Jason Myles:      I just want to add to that, as those original aid packages were being rolled out, as the New Deal was getting rolled out, I think 1935, divorced women could not get it. Non-widowed women with children couldn’t get it. So there definitely were caveats on who could get aid and who could not get aid. But what I wanted to add with your very, very astute point about adding Black people into the government apparatus is when these people were part of the system, so to speak, there was a unified voting bloc with the people that were a part of the system receiving the aid and now the people that have moved up into a new middle class. We definitely see this in the early ’70s that are part of the same system. So they’re voting in unison to keep these programs.
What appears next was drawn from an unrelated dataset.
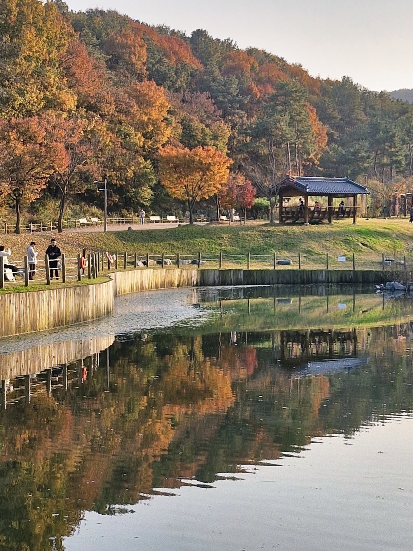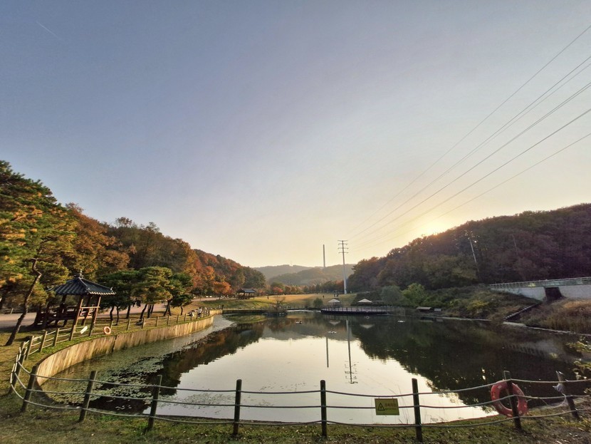 호수에 노을이 내려앉네요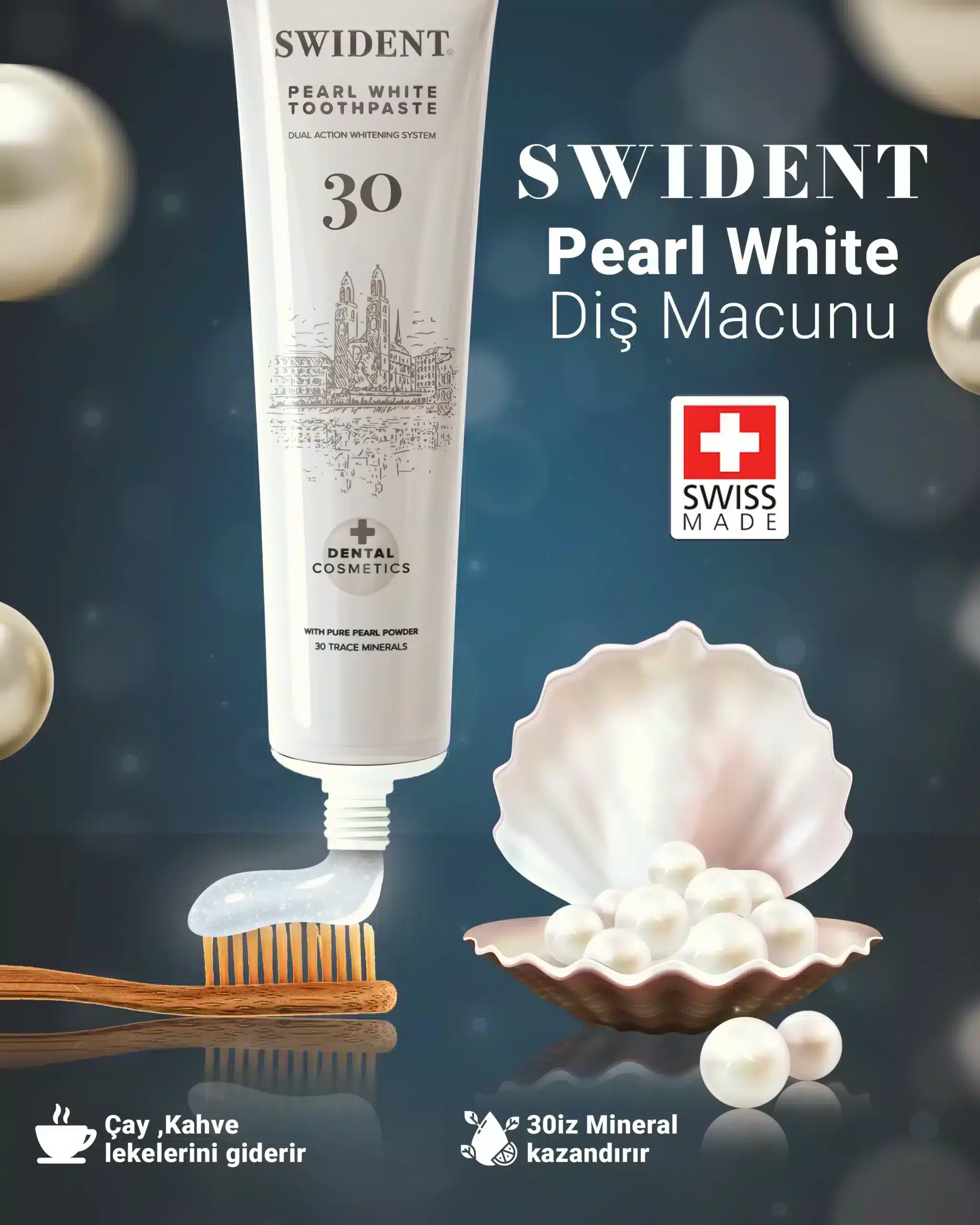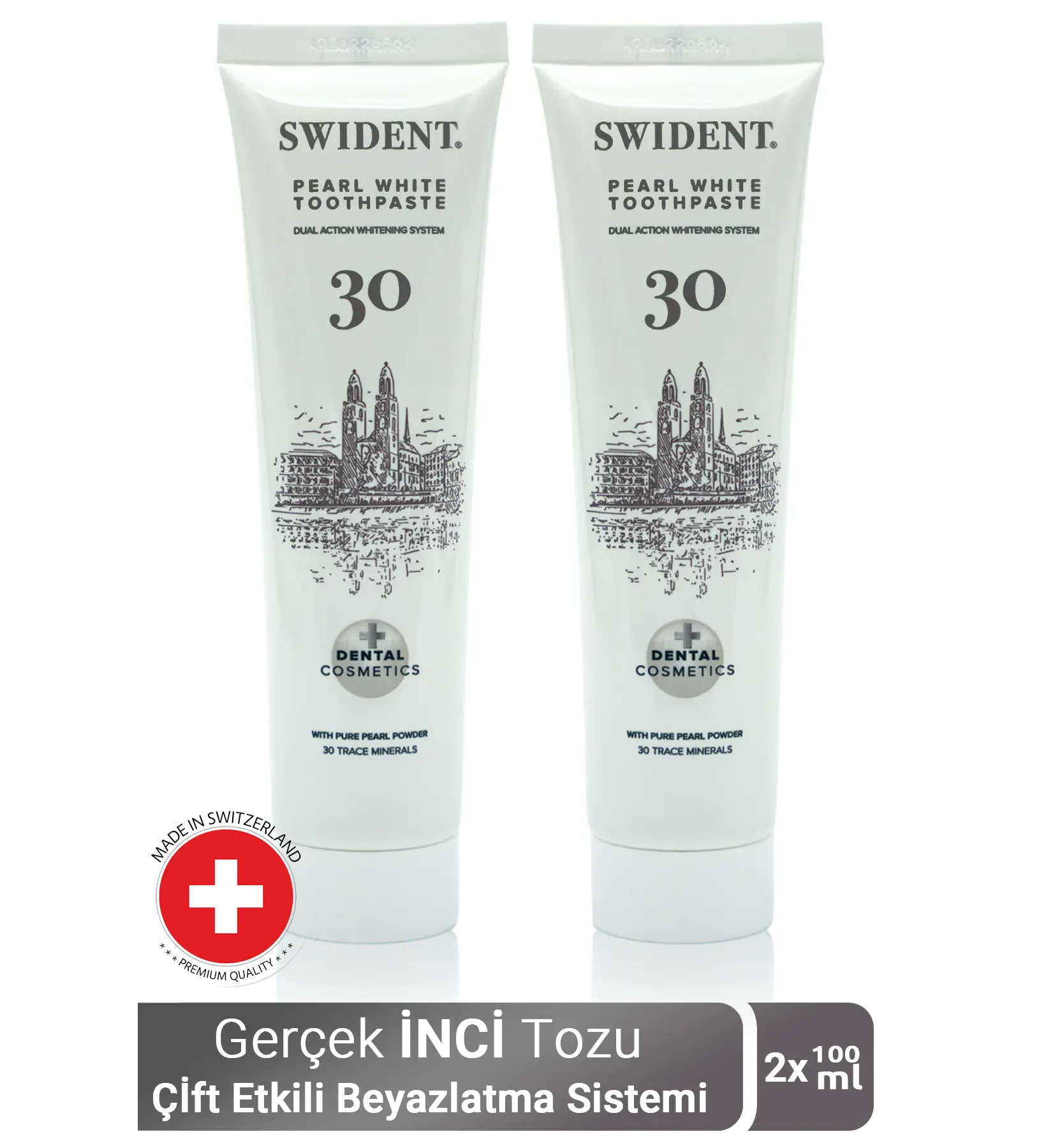 - üstün Isviçre Teknolojisi ve inci tozuile üretilen Swıdent pearl white

You definitely see this in the more major metropolitan Northern cities. When you look at a place like Atlanta, when they have their first Black mayor in Maynard Jackson, one thing he does is increase the business sector. You turn Atlanta, Coca-Cola, the massive airport which becomes a hub. Private capital is now hoisting the same Black people into the middle class. They’re not so aligned with their poor and working-class Black neighbors. I believe towards the end of the Jackson administration we actually see the destruction of a lot of the housing. What would we call it? Government housing in Atlanta as well. So there’s an interesting juxtaposition when we talk about including Black people into the government apparatus. Trying to protect the system, if you will. Then also when you have private capital and there’s the demarcating line, almost, of class.

Joy James:        This has become a practical or pragmatic aspect. That once you’re included into an apparatus or structure, then the logic would be that you would protect it. So once you have Black people protecting state accumulations, corporate accumulations, those who are left behind are just seen as even more deficient. I mean, this is part of the reason I avoid the language that we’ve inherited today about, it’s not just Black Girl Magic, but Black excellence. As if that everybody else is mediocre or substandard, which is so aligned with the language of white supremacy. How do you know you’re excellent? Is it because you got the corporate job or you got the degree, or JD, PhD, whatever, how many doctorates or whatever is happening here.

But the larger picture is this is a capitalist society that was built on slavery, rape, and genocide, and that the accumulations always accrue to the top. So if you are ethical, you would want to tinker with that machinery and not just be seduced by all the, what’s the glittery? Well, the glittery could be a Tesla. Back in the day it might have been a Cadillac or something. I don’t know. But I think what are the questions we have to think about is what is our collective position on something that looks like a mixed economy or a socialist economy? So how do we stop these buyouts that turn those who remain in certain zip codes as disposable or vulnerable to poisoned water. Think of Flint, Michigan. Poisoned air, disproportionate exposure to police violence and civilian violence.

Pascal Robert:      Well, what I really appreciate in your discourse is that it’s very much in alignment with the narrative that we try to expose on our show is that, like any other people, Black people have class, internal stratifications, and conflicts like everyone else. Unfortunately, because of the way in which society portrays Black life as a unified underclass phenomenon, these stratifications of class, which has been a reality of Black life going back to the days of free people of color societies, is completely obscured to the majority of not only Americans overall, but also to many Black folk in America as well, who are not necessarily connected to those within these communities who are more proximate to capitalist power or the gatekeepers or the racial ventriloquists, if you will.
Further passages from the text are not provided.